Жалобный голос доносился из задних рядов – и, приглядевшись, Андрей увидел бородача, неуверенно тянувшего руку.
– Неужели я так долго говорю?
– Нет, но вы опоздали к началу, – мягко, но твердо заметил молодой человек в очках, сидевший в первом ряду.
– Ага, все ясно. Значит уже устали слушать, да?
– Да-а-а!
Белов засмеялся.
– Тогда делаем перерыв!
Несмотря на объявленный отдых, только несколько человек из задних рядов спустились вниз и вышли в коридор. Остальные смотрели в телефоны или спали на руках, уткнувшись в них головой. Многие с любопытством поглядывали на Белова, но особенно – одна очень спокойная девушка с рыжими волосами, сидевшая прямо перед ним. Андрей устроился на краешке стола – и с удовольствием разглядывал березу.
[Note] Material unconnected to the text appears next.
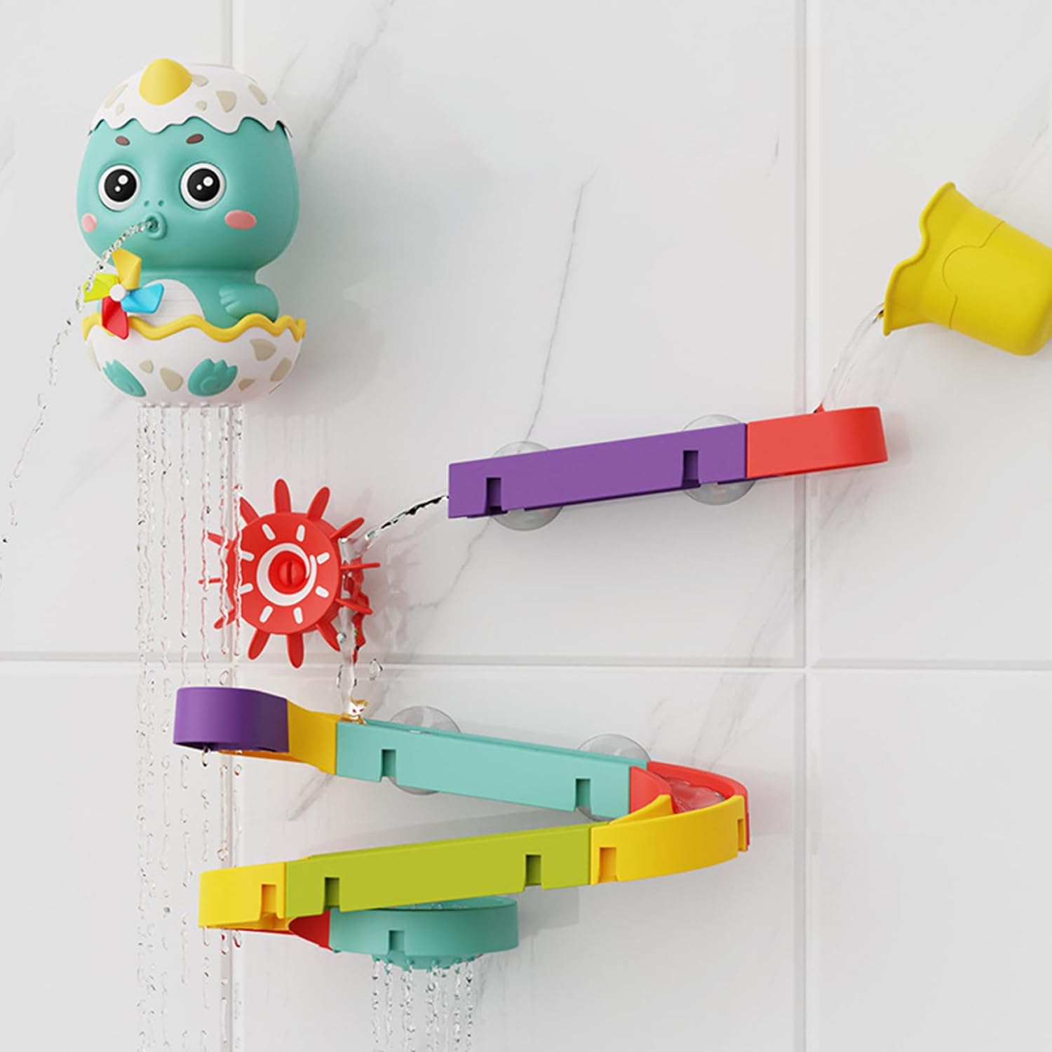 Pista interattiva fai-da-te: questo set di giocattoli da bagno include una pista fai-da-te e palline, che consentono ai bambini di costruire il loro scivolo acquatico e guardare le palline rotolare giù..Questa funzionalità interattiva incoraggia la creatività e la capacità di risoluzione dei problemi, trasformando il momento del bagno in un'esperienza coinvolgente. Materiali affidabili e sicuri: realizzati con materiali plastici, questi giocattoli per il bagnetto sono sicuri per i tuoi piccoli..Sono progettati per resistere ai giochi d'acqua garantendo allo stesso tempo un divertimento senza preoccupazioni, così i genitori possono rilassarsi mentre i loro bambini esplorano. Perfetto per i bambini piccoli: con il loro design accattivante e le funzionalità interattive, questi giocattoli da bagno con dinosauri sono ideali per compleanni, vacanze o qualsiasi occasione..Sono un modo creativo e divertente per rendere il momento del bagnetto la parte preferita della giornata per i bambini! Divertente design a dinosauro: i nostri simpatici giocattoli da bagno con dinosauri con scivolo acquatico presentano un design adorabile che catturerà l'immaginazione del tuo bambino..I colori vivaci e le forme giocose rendono il momento del bagnetto emozionante e divertente per neonati e bambini dai 3 ai 6 anni. Esperienza di gioco educativa: progettati per promuovere l'apprendimento attraverso il gioco, questi giocattoli da bagno aiutano a sviluppare le capacità motorie mentre i più piccoli manipolano la pista e le palline..Imparano a conoscere causa ed effetto vedendo le palline scivolare lungo la pista, rendendo il momento del bagnetto divertente ed educativo.

– А вы кто? – услышал он вдруг вкрадчивый голос над самым своим ухом. Белов обернулся. Перед ним стояла высокая и красивая блондинка, полностью одетая в черное. Вид у нее был лукавый, но в то же время серьезный и заинтересованный, а главное – совершенно неприступный.
– Я тут случайно, – тихо ответил Андрей, доверительно склонившись к ней. – Все эти люди думают, что я – лектор. А я просто проходил мимо – и увидел, что аудитория пустует. Вот я и решил, что будет неплохо прочесть лекцию, а уж тем более – о собственной жизни. Мне давно хотелось сделать это. И вроде даже слушают, как посмотрю.
Блондинка улыбнулась – легкой и фальшивой улыбкой.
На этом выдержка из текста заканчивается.